7.1.3. Apport du bilan orthophonique dans le diagnostic différentiel

La MA est la démence la plus fréquente avec des troubles mnésiques au premier plan. L'apparition d'autres troubles initiaux (comportement, langage...) peuvent orienter vers un diagnostic différentiel (DLFT, DCL, DV...).

 La démence fronto-temporale (DFT)

Des troubles du comportement majeurs peuvent suggérer une DFT. Les principales altérations de l'expression orale seront alors des persévérations dues au manque de flexibilité mentale, voire des stéréotypies ainsi qu'une sensibilité notable aux distracteurs en tâche de désignation.

Selon le type, on peut constater une aspontanéité pouvant aller jusqu'au mutisme akinétique ou une logorrhée avec hyperactivité et désinhibition.

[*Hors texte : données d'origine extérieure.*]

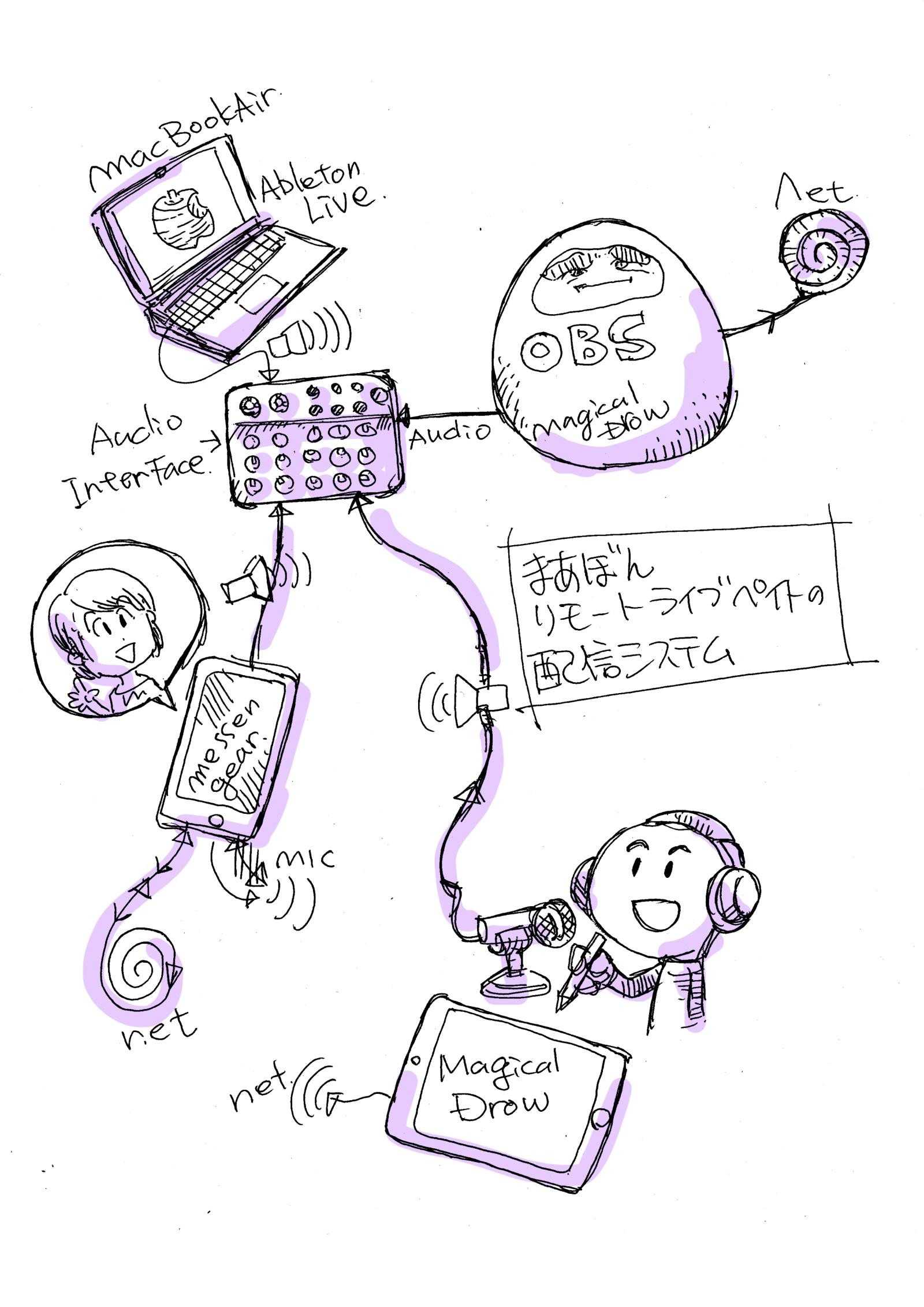 今回からBGMをつけた。これも自作している。大したことはなく、ループトラックをKORG Gadget2で作ってAbleton Liveで再生している。これ専用にMac Book Airを当てている。Mac Book Airを使っているのはたまたまこれがあったからだ。こうやってそれぞれ単一の仕事を割り当てないと挙動が不安定になることが多いからだ。トラブル回避のために再起動などしなければならないときも他の作業に影響しなくてよいのだが、場所ばっかり取るし、実際パソコンを必要台数用意できるか問題がある。多分今が限界じゃないかな。

 L'aphasie primaire progressive (APP)

La présence de trouble du langage isolé depuis au moins deux ans fait évoquer une APP. A la phase débutante, le tableau clinique est homogène avec des troubles lexicaux (manque du mot, paraphasies lexicales sémantiques et phonémiques) puis il évoluera vers une forme fluente, non-fluente (MESULAM, 2001) ou logopénique (GORNO-TEMPINI et al. 2004 et 2008).

Au stade débutant, le discours est fluent. Le patient présente un manque du mot en tâche de dénomination et dans le discours spontané, manifesté par des pauses, mots neutres et recherches lexicales. Il produit des paraphasies lexicales sémantiques et phonémiques. La compréhension est préservée ainsi que la syntaxe et la lecture.

Les principales caractéristiques des trois tableaux d'APP sont résumées dans le tableau V ci-dessous :

APP non-fluente APP fluente APP logopénique Articulation Troubles arthriques Préservée Préservée

Lexique -Manque du mot

-Compréhension lexicale longtemps préservée

-Manque du mot assez bien compensé (gestes, pauses, définition par l'usage...) -Trouble de compréhension (erreurs en désignation) -Manque du mot -Trouble de la répétition (atteinte de la mémoire de travail verbale) -Compréhension lexicale relativement préservée

Syntaxe -Tendance à l'agrammatisme

-Apparition de difficultés pour la compréhension des phrases complexes Préservée Préservée Fluence Ralentissement de l'expression orale, hésitations, pseudo- bégaiement et palilalies

Préservée Perturbation liée au manque du mot

 La démence sémantique (DS)

L'atteinte porte en premier lieu sur la mémoire sémantique. SNOWDEN et al. (1994) décrivent la détérioration progressive et sélective des connaissances sémantiques, affectant les choses, les objets, les lieux et les personnes. Les troubles lexicaux sont de nature lexico-sémantique s'associant des troubles de l'expression et de la compréhension (impression d'étrangeté face à des mots usuels). Les fluences littérales sont mieux réussies que les fluences catégorielles sémantiques. En revanche, la compréhension syntaxique reste longtemps préservée, tout comme les aspects non sémantiques de la cognition (phonologie, syntaxe, raisonnement, mémoire épisodique...). La fluence verbale n'est pas réduite dans le discours.